> _Instructions for the task_: For the entries below, copy exactly the line that contains "Las muertes por" through the line that contains "Prezentujemy delikatną silikonową", both ends included, and exclude all pictures.

___ Information given ___

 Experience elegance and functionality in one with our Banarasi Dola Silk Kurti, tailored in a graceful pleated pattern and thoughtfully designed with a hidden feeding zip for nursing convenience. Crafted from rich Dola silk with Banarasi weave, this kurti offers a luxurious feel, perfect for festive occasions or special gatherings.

___
___ Information given ___

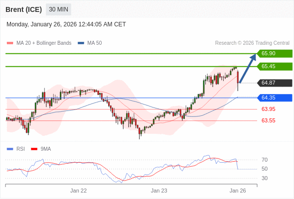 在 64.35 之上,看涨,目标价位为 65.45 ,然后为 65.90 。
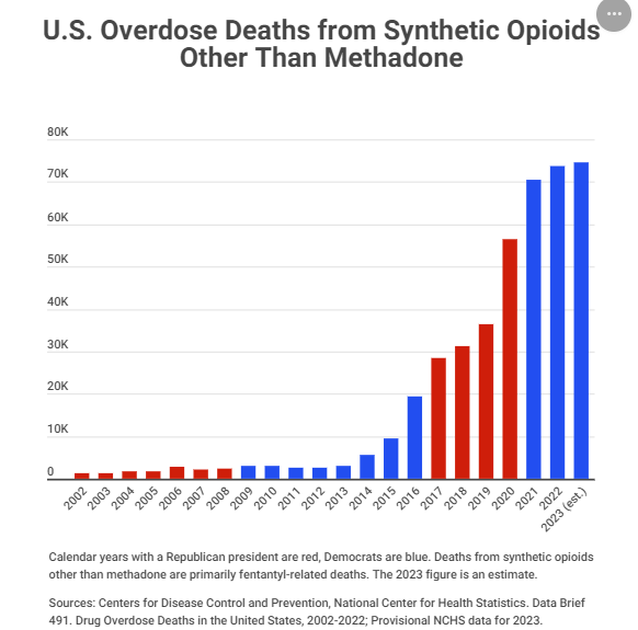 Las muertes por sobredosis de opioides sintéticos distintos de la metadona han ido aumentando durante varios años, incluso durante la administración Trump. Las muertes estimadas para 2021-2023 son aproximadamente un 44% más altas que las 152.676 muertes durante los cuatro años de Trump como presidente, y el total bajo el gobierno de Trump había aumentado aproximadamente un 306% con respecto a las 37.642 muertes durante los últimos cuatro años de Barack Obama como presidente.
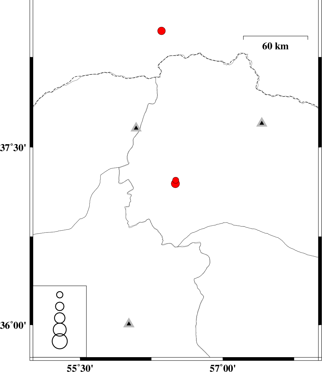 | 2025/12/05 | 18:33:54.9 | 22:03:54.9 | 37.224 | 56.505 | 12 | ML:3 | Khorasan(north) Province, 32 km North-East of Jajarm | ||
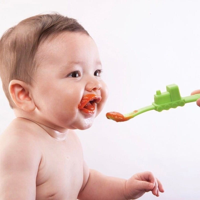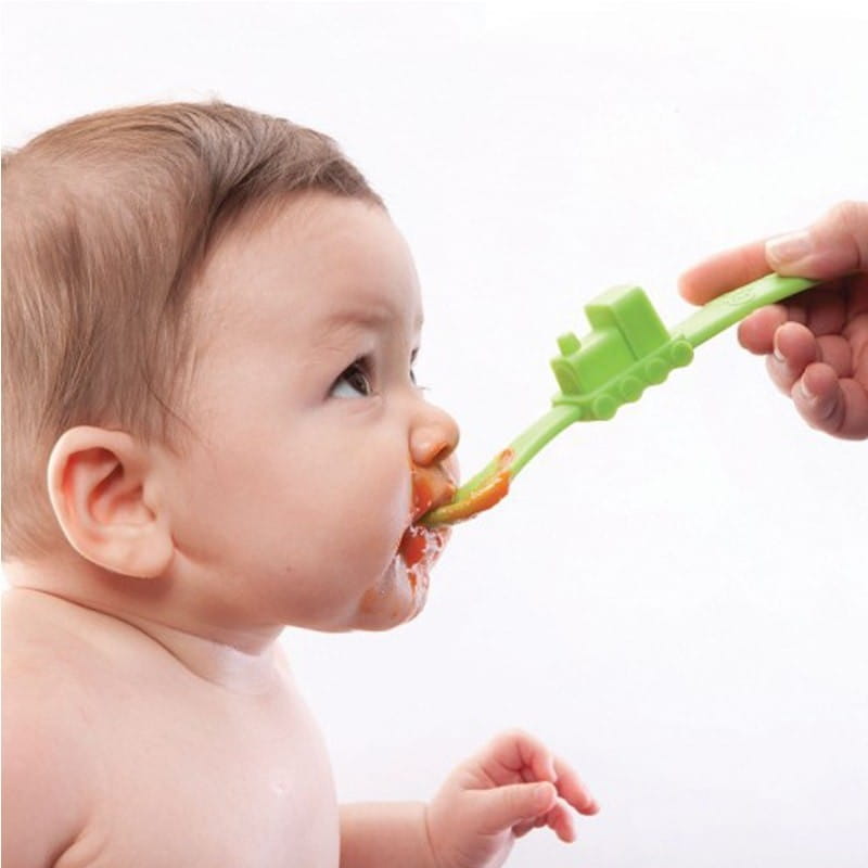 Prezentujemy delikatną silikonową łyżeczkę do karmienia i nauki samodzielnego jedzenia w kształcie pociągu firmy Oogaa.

___
___ Information given ___

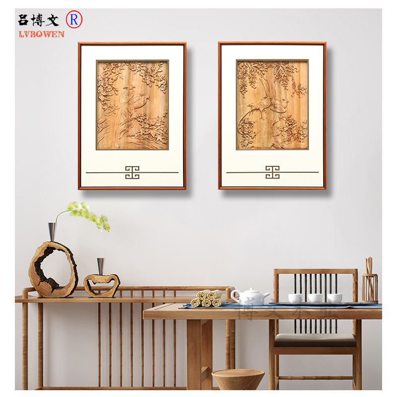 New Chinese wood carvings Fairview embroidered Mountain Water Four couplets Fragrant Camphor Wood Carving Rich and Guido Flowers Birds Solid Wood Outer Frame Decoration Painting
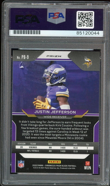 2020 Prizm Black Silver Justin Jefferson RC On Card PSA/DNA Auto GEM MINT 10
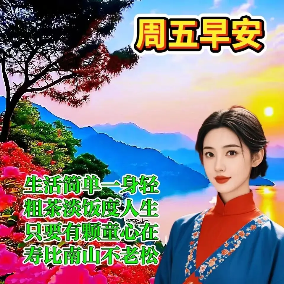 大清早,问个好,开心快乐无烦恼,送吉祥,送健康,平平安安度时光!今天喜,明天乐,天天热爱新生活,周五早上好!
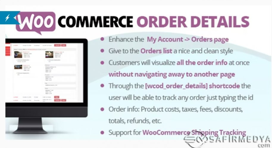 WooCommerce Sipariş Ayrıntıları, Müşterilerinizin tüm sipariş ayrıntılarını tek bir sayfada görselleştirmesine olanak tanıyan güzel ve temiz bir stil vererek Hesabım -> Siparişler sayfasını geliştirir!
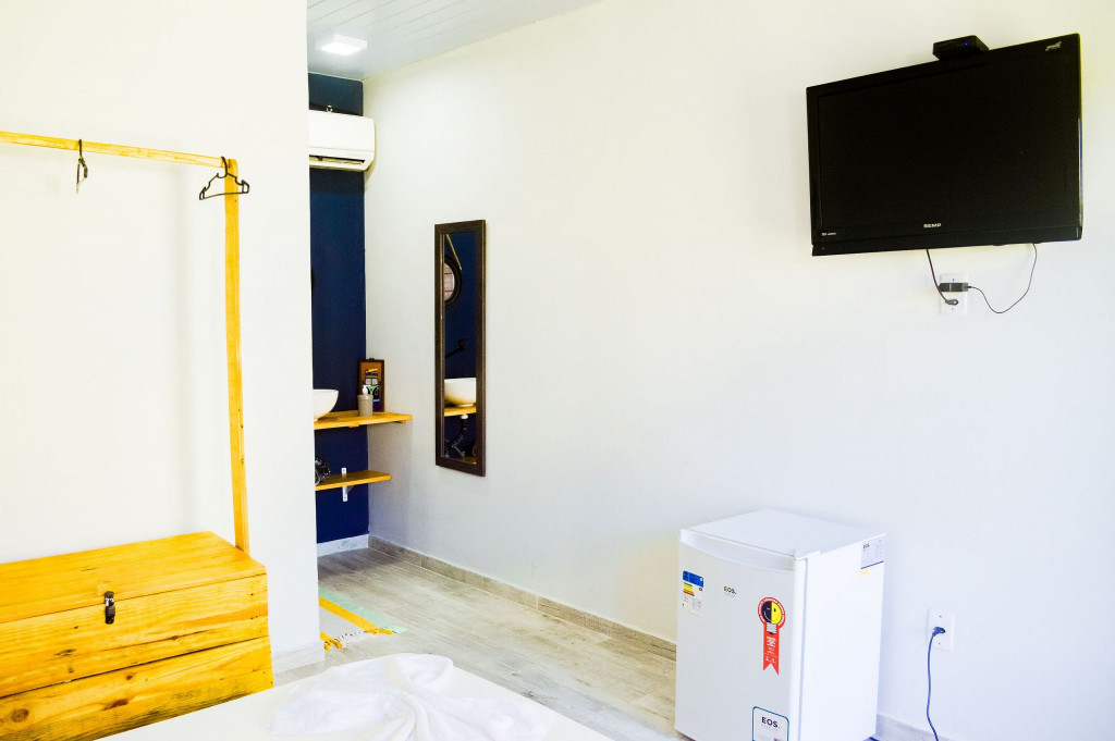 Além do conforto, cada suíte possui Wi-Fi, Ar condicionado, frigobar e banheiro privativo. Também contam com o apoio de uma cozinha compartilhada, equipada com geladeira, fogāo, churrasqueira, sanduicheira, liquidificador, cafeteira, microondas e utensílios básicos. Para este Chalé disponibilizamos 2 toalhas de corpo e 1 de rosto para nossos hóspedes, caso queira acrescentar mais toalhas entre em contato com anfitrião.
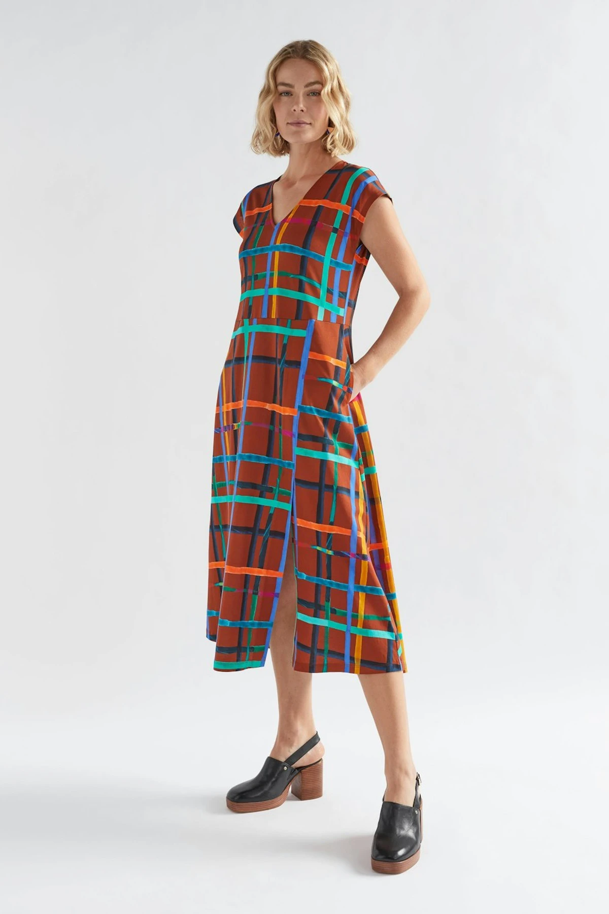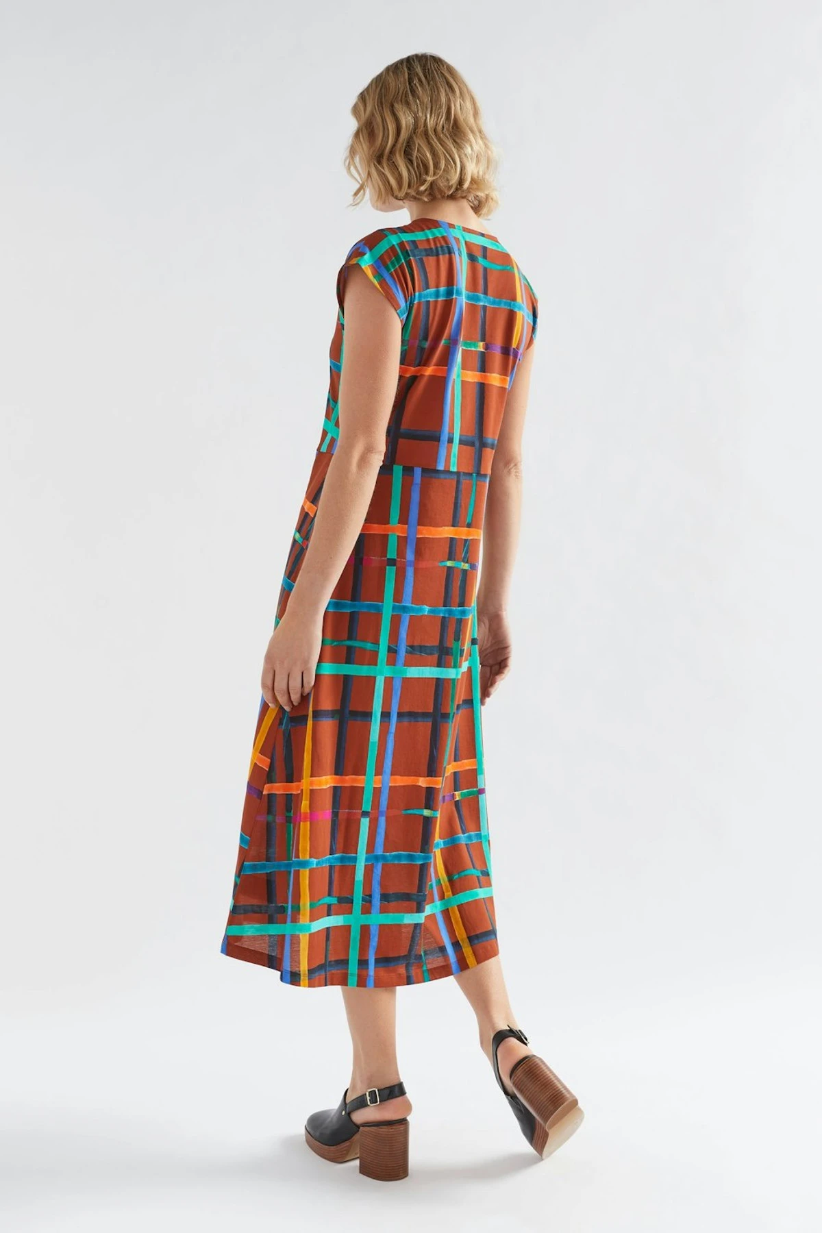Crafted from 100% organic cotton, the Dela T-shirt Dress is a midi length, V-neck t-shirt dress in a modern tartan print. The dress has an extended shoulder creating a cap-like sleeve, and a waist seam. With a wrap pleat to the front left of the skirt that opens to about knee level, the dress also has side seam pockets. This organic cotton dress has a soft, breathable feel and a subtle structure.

___

> _Worked solution_:
 Las muertes por sobredosis de opioides sintéticos distintos de la metadona han ido aumentando durante varios años, incluso durante la administración Trump. Las muertes estimadas para 2021-2023 son aproximadamente un 44% más altas que las 152.676 muertes durante los cuatro años de Trump como presidente, y el total bajo el gobierno de Trump había aumentado aproximadamente un 306% con respecto a las 37.642 muertes durante los últimos cuatro años de Barack Obama como presidente.
 | 2025/12/05 | 18:33:54.9 | 22:03:54.9 | 37.224 | 56.505 | 12 | ML:3 | Khorasan(north) Province, 32 km North-East of Jajarm | ||
 Prezentujemy delikatną silikonową łyżeczkę do karmienia i nauki samodzielnego jedzenia w kształcie pociągu firmy Oogaa.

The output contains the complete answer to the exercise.